[[ DATA BLOCK open ]]

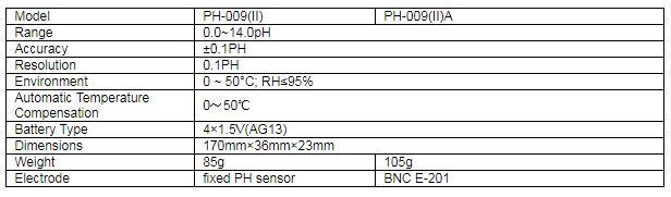 Model 009(II) pen-type pH meter uses combined pH electrode of high sensitivity, fast response, and good repetition as probe. With large liquid crystal digits display, the meter is reliable, stable, portable, and convenient to operate, especially for field measuring. It is praised by home and aboard. This product has been exported in batches. It is applicable to determine pH value of water solution in departments of medical treatment, environment protection, scientific research, college, swimming pool and mechanical plant etc.
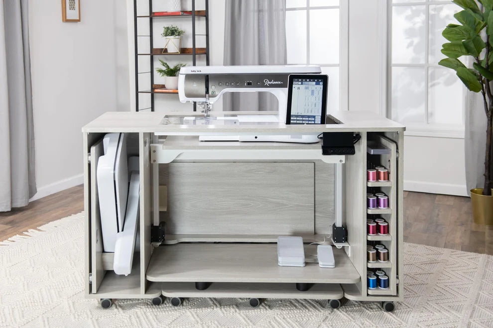 The Koala All-In One-Embroidery Studio is ideal for top-of-the-line sewing and embroidery machines. The Embroidery Studio packs Koala's bests design features into a studio for small spaces, distinctively designed for all of your project needs. Includes a glide-out Embroidery Modual and Thread Closet. Fully assembled, just add casters!
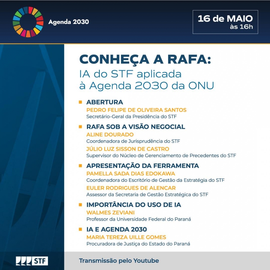 Na próxima segunda-feira (16), às 16h, o Supremo Tribunal Federal (STF) promove o evento virtual “Conheça a RAFA: inteligência artificial do STF aplicada à Agenda 2030 da ONU”. A RAFA 2030 (Redes Artificiais Focadas na Agenda 2030) é uma ferramenta tecnológica desenvolvida para apoiar a classificação de processos na Corte de acordo com os Objetivos de Desenvolvimento Sustentável (ODS) da Agenda 2030 da Organização das Nações Unidas (ONU). O evento será aberto ao público em geral, com transmissão pelo canal do STF no YouTube.

[[ DATA BLOCK closed ]]

## [EXERCISE BRIEF]
Omit every picture while copying the listing above exactly.

## [EXERCISE RESULT]
 Model 009(II) pen-type pH meter uses combined pH electrode of high sensitivity, fast response, and good repetition as probe. With large liquid crystal digits display, the meter is reliable, stable, portable, and convenient to operate, especially for field measuring. It is praised by home and aboard. This product has been exported in batches. It is applicable to determine pH value of water solution in departments of medical treatment, environment protection, scientific research, college, swimming pool and mechanical plant etc.
 The Koala All-In One-Embroidery Studio is ideal for top-of-the-line sewing and embroidery machines. The Embroidery Studio packs Koala's bests design features into a studio for small spaces, distinctively designed for all of your project needs. Includes a glide-out Embroidery Modual and Thread Closet. Fully assembled, just add casters!
 Na próxima segunda-feira (16), às 16h, o Supremo Tribunal Federal (STF) promove o evento virtual “Conheça a RAFA: inteligência artificial do STF aplicada à Agenda 2030 da ONU”. A RAFA 2030 (Redes Artificiais Focadas na Agenda 2030) é uma ferramenta tecnológica desenvolvida para apoiar a classificação de processos na Corte de acordo com os Objetivos de Desenvolvimento Sustentável (ODS) da Agenda 2030 da Organização das Nações Unidas (ONU). O evento será aberto ao público em geral, com transmissão pelo canal do STF no YouTube.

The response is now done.